Por fin lo había logrado. Le di a la humanidad la capacidad de viajar a una velocidad incalculable, superando a la luz o a cualquier otra cosa que fuera más rápida. Mis solos números se convirtieron en lo más veloz conocido en el universo. Y entonces, comenzó la construcción de la nave interestelar Andrómeda, la cual iba a tardar otros 6 años en construirse y modificarse. Todo esto con el fin de poder llevar al Hombre a otros mundos fuera de la galaxia.
Con 37 años me metí en la nave y junto a otros especialistas, comenzó la expedición Alceo-05. La misión se nombró en honor a mi hermano fallecido dos años atrás en ese entonces. Estábamos en la cabina, iniciamos los procesos de quema de combustible, hicimos las modificaciones en el panel frontal del puente, dimos luz verde a la torre de control para encender la nave y esperamos a que nos respondieran.
–Luz verde, Andrómeda. Puede despegar – Nos dijo por radio la voz del comandante en la torre de control, la cual estaba en el desierto de San juan, en Argentina. Nosotros estábamos en el mismo desierto, pero a unos 2.5 kilómetros más alejados. Sin embargo, aún podíamos verla de lo alta que era. La tecnología en ese entonces había avanzado hasta tal punto que se podían ver las estelas de luces de neón saliendo de las ciudades adyacentes en la localidad.
Encendimos la nave y nos preparamos para zarpar de nuestra hermosa Tierra. Los motores se encendieron y la nave empezó a alzarse como un cachalote saliendo a la superficie del mar. Toda la nave empezó a vibrar gracias a la fuerza que tenía, las ventanas crujían y los paneles táctiles vibraban como si estuviéramos en mitad de un terremoto.
Al estar en la atmosfera, me detuve un momento para ver la Luna a través del cristal. Encendí los propulsores principales y agregué mi ecuación a la configuración de velocidad. Los 7 tripulantes que íbamos teníamos que presionar un botón para que funcionara. Así que les ordené que lo presionaran.

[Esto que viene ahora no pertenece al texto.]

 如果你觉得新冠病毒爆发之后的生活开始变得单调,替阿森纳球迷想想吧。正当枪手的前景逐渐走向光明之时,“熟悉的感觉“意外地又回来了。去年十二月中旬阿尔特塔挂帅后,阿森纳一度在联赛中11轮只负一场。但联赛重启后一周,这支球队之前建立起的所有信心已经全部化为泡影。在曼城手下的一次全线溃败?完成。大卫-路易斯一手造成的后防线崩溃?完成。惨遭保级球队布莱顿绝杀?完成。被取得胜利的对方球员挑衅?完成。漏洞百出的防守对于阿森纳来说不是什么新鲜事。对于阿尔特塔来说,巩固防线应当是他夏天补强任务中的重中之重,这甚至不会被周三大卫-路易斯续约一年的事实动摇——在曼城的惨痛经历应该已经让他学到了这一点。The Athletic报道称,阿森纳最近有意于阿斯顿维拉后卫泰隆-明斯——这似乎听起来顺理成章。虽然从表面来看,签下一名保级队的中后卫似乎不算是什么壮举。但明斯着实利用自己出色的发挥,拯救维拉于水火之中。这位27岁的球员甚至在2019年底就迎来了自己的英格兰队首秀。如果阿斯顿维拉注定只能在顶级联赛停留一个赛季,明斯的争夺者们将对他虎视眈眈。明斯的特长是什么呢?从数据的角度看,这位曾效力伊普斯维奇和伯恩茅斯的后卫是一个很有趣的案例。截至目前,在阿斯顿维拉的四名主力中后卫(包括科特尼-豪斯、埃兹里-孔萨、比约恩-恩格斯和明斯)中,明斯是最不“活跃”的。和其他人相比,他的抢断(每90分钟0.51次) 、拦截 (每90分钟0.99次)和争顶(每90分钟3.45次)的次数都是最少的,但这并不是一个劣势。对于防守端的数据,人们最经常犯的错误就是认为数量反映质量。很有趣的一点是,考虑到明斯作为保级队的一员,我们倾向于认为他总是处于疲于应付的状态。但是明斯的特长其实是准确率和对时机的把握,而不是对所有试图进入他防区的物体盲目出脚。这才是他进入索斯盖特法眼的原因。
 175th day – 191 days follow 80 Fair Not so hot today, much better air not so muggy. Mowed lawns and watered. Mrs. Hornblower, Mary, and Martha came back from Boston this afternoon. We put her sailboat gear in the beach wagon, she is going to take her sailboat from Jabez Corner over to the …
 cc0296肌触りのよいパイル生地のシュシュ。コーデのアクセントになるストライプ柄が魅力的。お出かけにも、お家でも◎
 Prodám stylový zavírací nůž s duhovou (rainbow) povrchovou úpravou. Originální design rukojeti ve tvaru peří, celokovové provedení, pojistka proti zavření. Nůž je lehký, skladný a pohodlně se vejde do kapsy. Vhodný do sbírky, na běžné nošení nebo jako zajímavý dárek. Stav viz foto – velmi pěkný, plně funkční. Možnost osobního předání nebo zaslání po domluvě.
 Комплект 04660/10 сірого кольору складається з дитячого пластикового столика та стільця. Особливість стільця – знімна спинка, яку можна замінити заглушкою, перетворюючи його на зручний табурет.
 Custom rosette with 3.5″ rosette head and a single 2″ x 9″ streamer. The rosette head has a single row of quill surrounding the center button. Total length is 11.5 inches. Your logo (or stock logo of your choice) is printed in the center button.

– ¿Preparados? tres, dos, uno… ¡inicien!
Toda la nave se estremeció en un segundo. Vimos estelas por las ventanas, los controles se volvieron locos y los números en la pantalla se dispararon infinitamente. Estábamos viajando a una velocidad impensable para cualquier ser humano. Nadie creyó en nosotros pero lo estábamos logrando. Todo se detuvo en un instante. Por fuera de la nave, se pudo divisar un planeta azul con siete lunas a su alrededor. Nos encontrábamos en la galaxia de Andrómeda. Todos en el puente sonrieron y se desabrocharon el cinturón para acercarse a la ventana y admirar la estrella que iluminaba todo el sistema de mundos al que habíamos llegado. Yo me quedé sentado un momento, me quité el casco, los lentes, limpié el sudor en mi frente con la manga del traje espacial y pensé:
“Ahora lo estás viendo, mamá. Sé que lo estás viendo. Lo logramos.”